== Input records ==
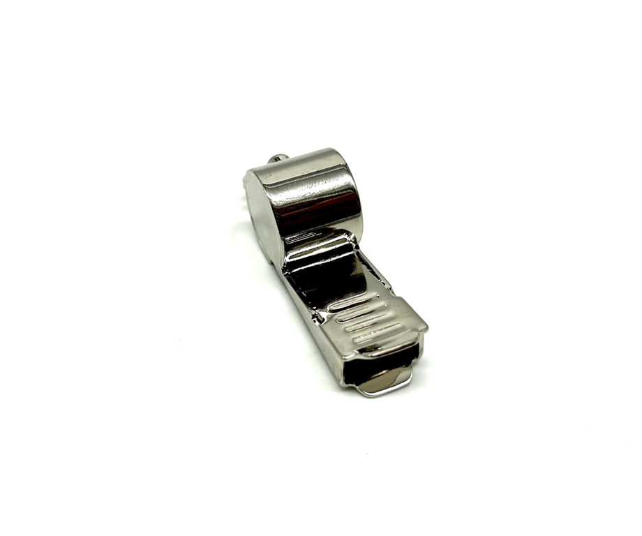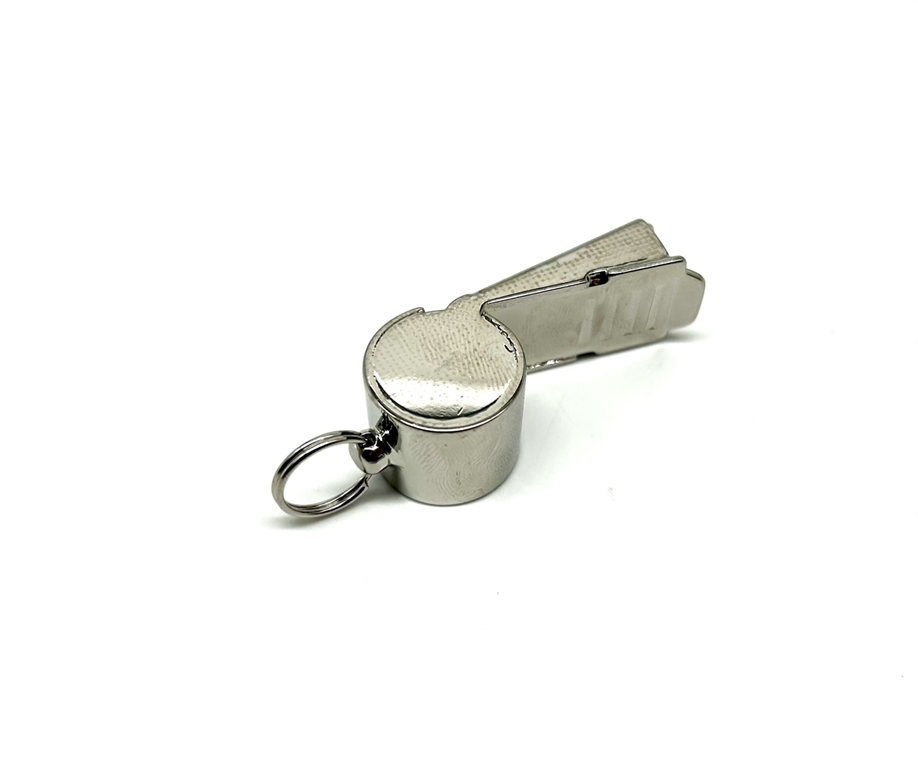 Fischietto in metallo cromato grande con pallina interna e con anellino per l aggancio di una cordicella o di una catenella. Misura cm 4x1,4. Peso lordo: 22 grammi.
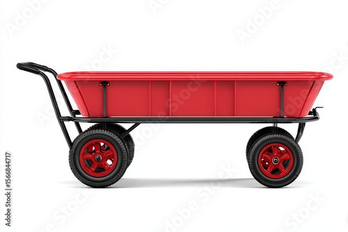 Red Utility Cart on White Background A Versatile Tool for Transporting Goods and Materials, perfect for garden or warehouse use.
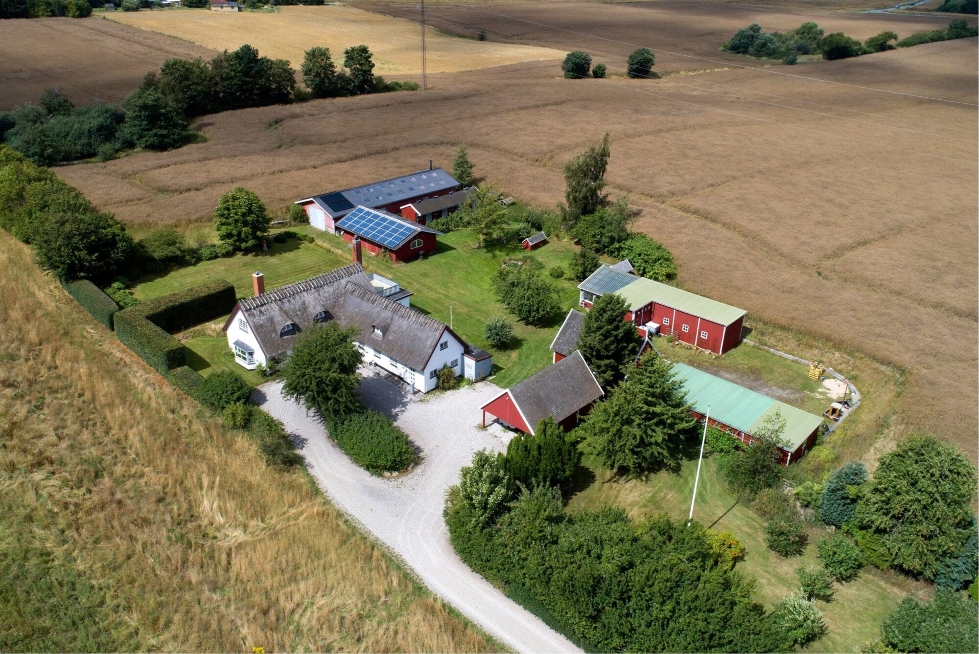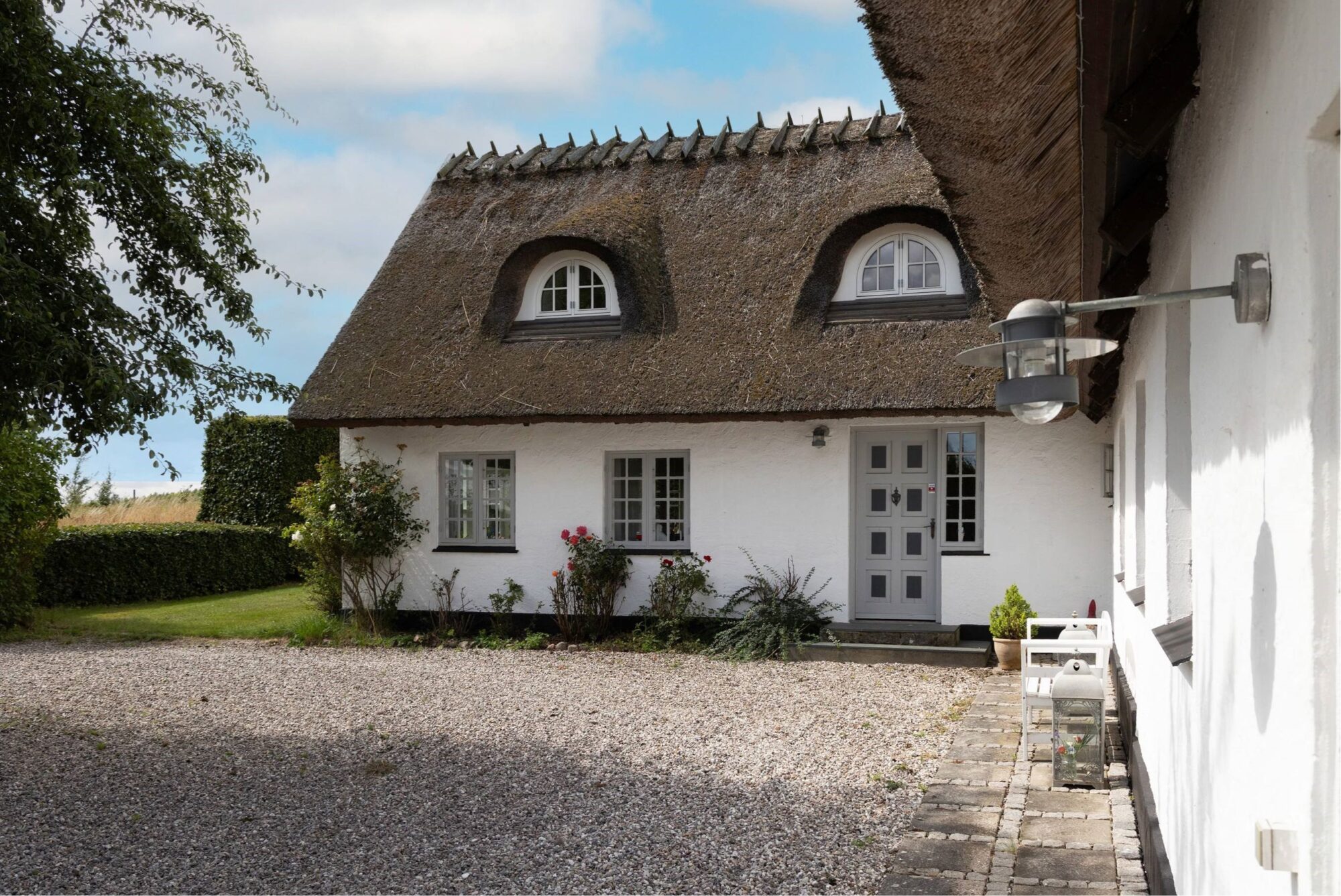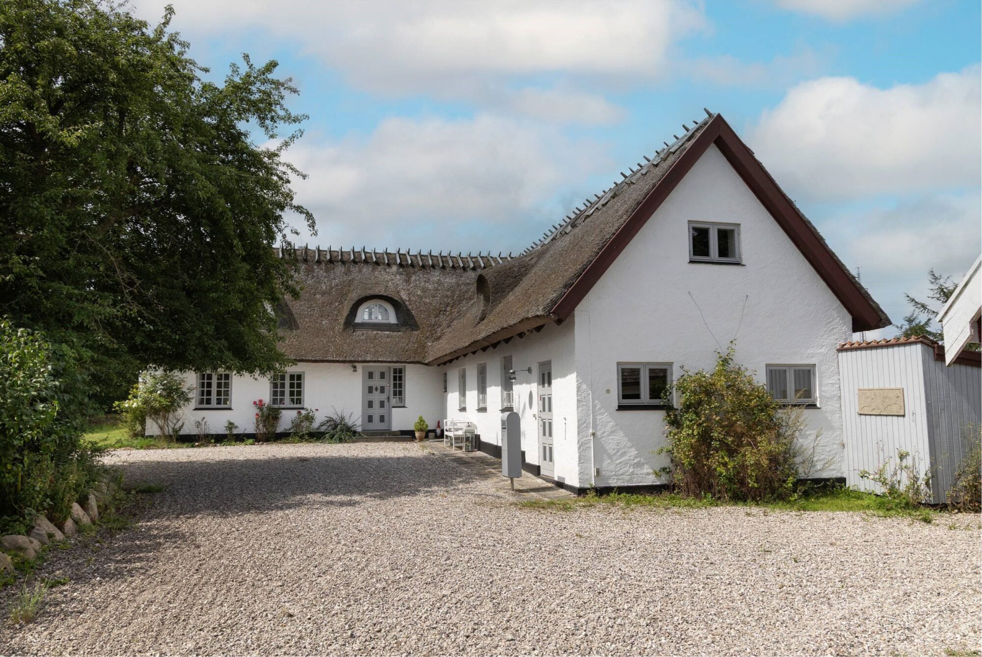 Charmerende stråtækt stuehus med sjæl og atmosfære fra 1901. Stuehuset tilbyder et boligareal på 245 m2 i 2 plan. Stuehuset er renoveret fra A til Z tilbage i 1990, hvor nuværende ejer købte ejendommen. Det rummer familien og hvor end du kikker ud, er der en skøn udsigt til haven eller markerne.
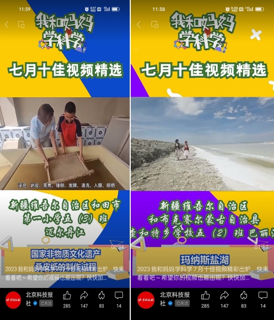 在今年“我和媽媽學(xué)科學(xué)”活動中,和田市第一小學(xué)五(3)班學(xué)生邁爾丹江與母親一起拍攝發(fā)布的科普視頻《國家非物質(zhì)文化遺產(chǎn)桑皮紙的制作過程》、和布克賽爾蒙古自治縣查和特鄉(xiāng)學(xué)校五(2)班學(xué)生巴麗江與母親一起拍攝發(fā)布的科普視頻《瑪納斯鹽湖》入選7月全國十佳視頻。自治區(qū)科協(xié)《依托各類科普陣地,帶動群眾科學(xué)素質(zhì)提升》、中國科學(xué)院吐魯番沙漠植物園《探尋荒漠植物生存智慧,弘揚科學(xué)家精神》及塔城地區(qū)烏蘇市第四中學(xué)《結(jié)合地方特色,以“網(wǎng)”傳播科學(xué)》三個案例入選全國2023年“智愛媽媽”親子教育科普典型案例。
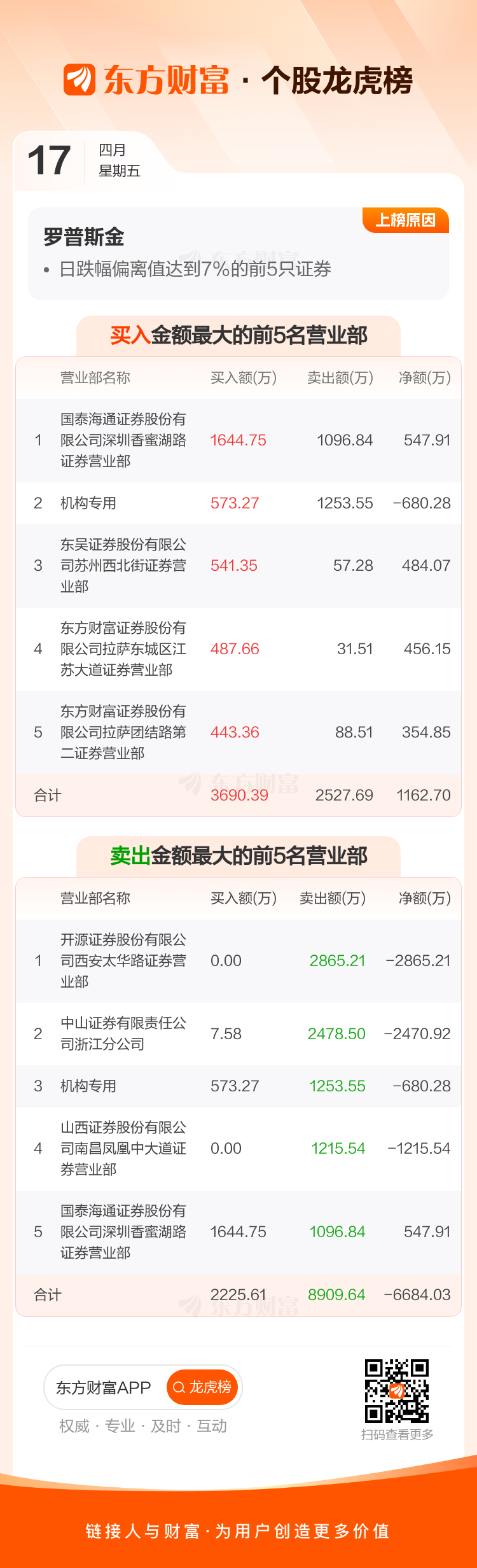 罗普斯金(002333)龙虎榜数据(04-17)
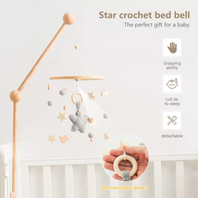 Wooden Crib Mobile Arm & Crochet Rattle Toy for Newborns
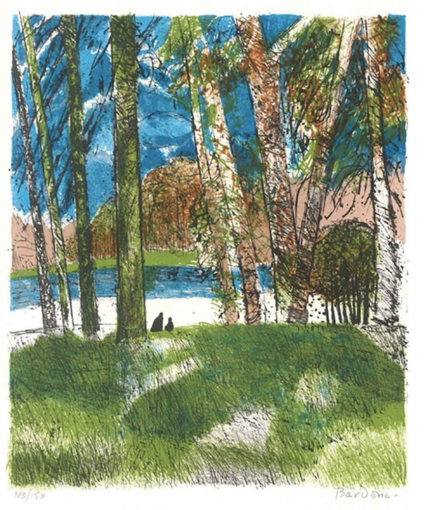 "Nel bosco" è una bellissima litografia a colori di Guy Bardone.
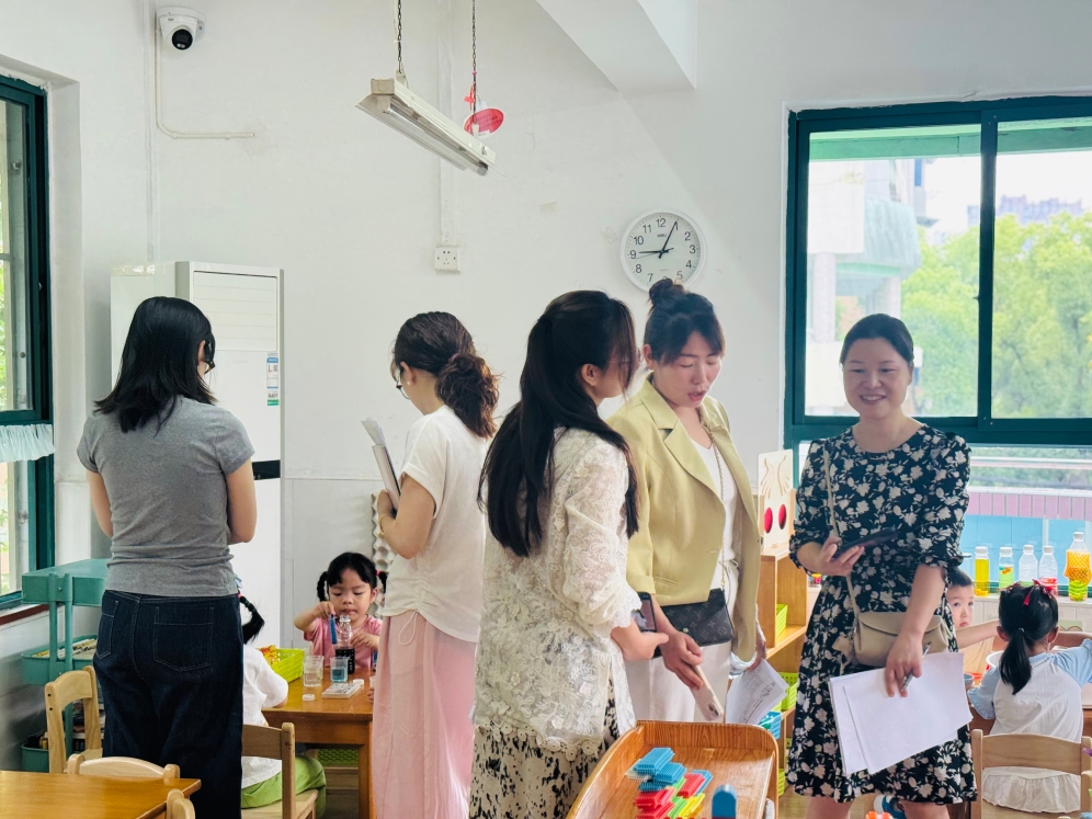 研修教师手持“一单两表”观察工具,深入各班级,对学习空间创设进行沉浸式观摩与诊断,包括空间布局规划、内容主题设置、材料投放的适宜性与开放性等。随后,教师分组进入小、中、大班指定班级,开展学习空间及谈话组织活动的观摩。依托“空间学习中的师幼互动”观察量表,教师们采用行为分析法记录幼儿在区域活动中的探索行为、思维发展、社会性表现及经验迭代过程。
===
What is needed: A word-for-word copy of the lines from the one with "Charmerende stråtækt stuehus" through the last line of the data above is required, with both end lines included and no pictures.

Output of the exercise:
 Charmerende stråtækt stuehus med sjæl og atmosfære fra 1901. Stuehuset tilbyder et boligareal på 245 m2 i 2 plan. Stuehuset er renoveret fra A til Z tilbage i 1990, hvor nuværende ejer købte ejendommen. Det rummer familien og hvor end du kikker ud, er der en skøn udsigt til haven eller markerne.
 在今年“我和媽媽學(xué)科學(xué)”活動中,和田市第一小學(xué)五(3)班學(xué)生邁爾丹江與母親一起拍攝發(fā)布的科普視頻《國家非物質(zhì)文化遺產(chǎn)桑皮紙的制作過程》、和布克賽爾蒙古自治縣查和特鄉(xiāng)學(xué)校五(2)班學(xué)生巴麗江與母親一起拍攝發(fā)布的科普視頻《瑪納斯鹽湖》入選7月全國十佳視頻。自治區(qū)科協(xié)《依托各類科普陣地,帶動群眾科學(xué)素質(zhì)提升》、中國科學(xué)院吐魯番沙漠植物園《探尋荒漠植物生存智慧,弘揚科學(xué)家精神》及塔城地區(qū)烏蘇市第四中學(xué)《結(jié)合地方特色,以“網(wǎng)”傳播科學(xué)》三個案例入選全國2023年“智愛媽媽”親子教育科普典型案例。
 罗普斯金(002333)龙虎榜数据(04-17)
 Wooden Crib Mobile Arm & Crochet Rattle Toy for Newborns
 "Nel bosco" è una bellissima litografia a colori di Guy Bardone.
 研修教师手持“一单两表”观察工具,深入各班级,对学习空间创设进行沉浸式观摩与诊断,包括空间布局规划、内容主题设置、材料投放的适宜性与开放性等。随后,教师分组进入小、中、大班指定班级,开展学习空间及谈话组织活动的观摩。依托“空间学习中的师幼互动”观察量表,教师们采用行为分析法记录幼儿在区域活动中的探索行为、思维发展、社会性表现及经验迭代过程。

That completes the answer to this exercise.